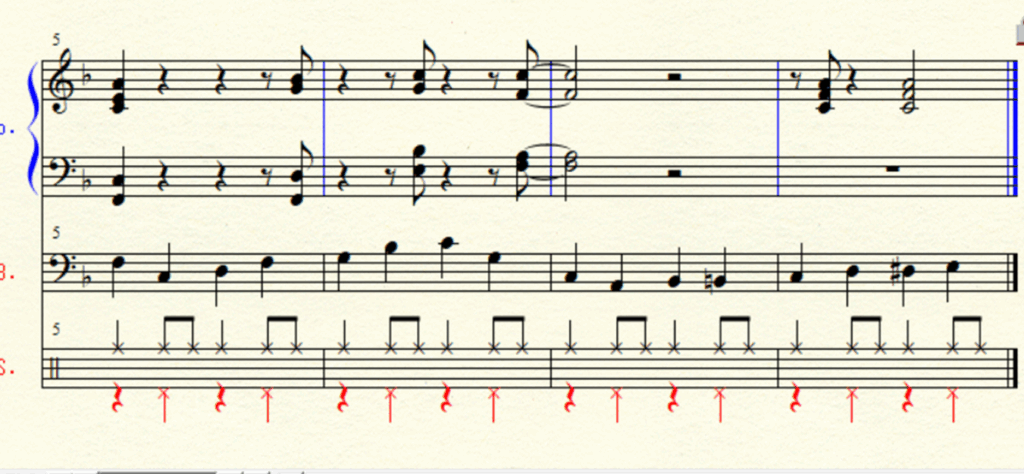 ベースは1拍目と3拍目を中心に「ドン・ドン」と弾くため、リズムが軽く、少し跳ねるような印象になります。
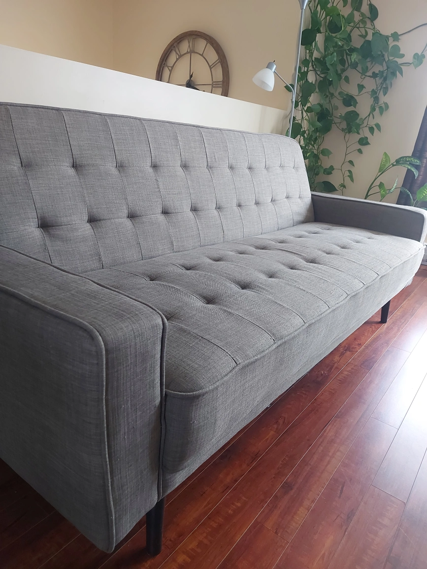 Selling a grey futon sofa bed. It's in great condition and would be perfect for a living room or spare room. It easily converts from a sofa to a bed, making it versatile for guests or small spaces
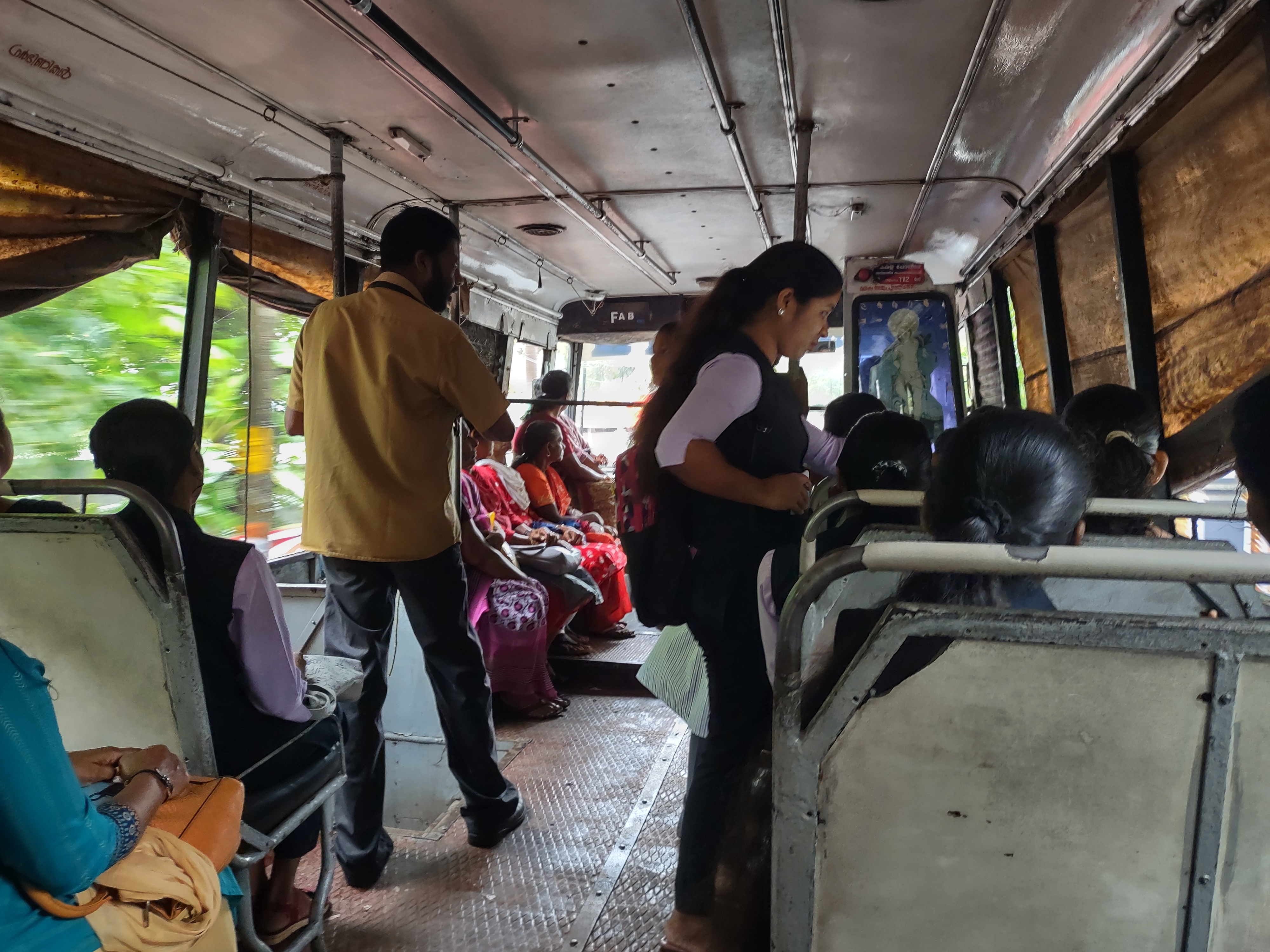 For our third trip into Alappuzha, we decided to go wild and take the local bus in and out. As we were getting on the bus near the end of the line in the mid-morning, the ride into town was uncrowded and quite pleasant. But we caught our return bus from the central bus station in Alappuzha during rush hour and so got a more realistic feel of public transport in India. (Sorry, I couldn’t get my hands to my pocket, so no photos of that leg!) Truth be told, it actually didn’t feel much different than the New York City subway during rush hour.

• Directions:
Write the data above out again exactly, every line of it, and exclude the pictures.

• Output of the task:
 ベースは1拍目と3拍目を中心に「ドン・ドン」と弾くため、リズムが軽く、少し跳ねるような印象になります。
 Selling a grey futon sofa bed. It's in great condition and would be perfect for a living room or spare room. It easily converts from a sofa to a bed, making it versatile for guests or small spaces
 For our third trip into Alappuzha, we decided to go wild and take the local bus in and out. As we were getting on the bus near the end of the line in the mid-morning, the ride into town was uncrowded and quite pleasant. But we caught our return bus from the central bus station in Alappuzha during rush hour and so got a more realistic feel of public transport in India. (Sorry, I couldn’t get my hands to my pocket, so no photos of that leg!) Truth be told, it actually didn’t feel much different than the New York City subway during rush hour.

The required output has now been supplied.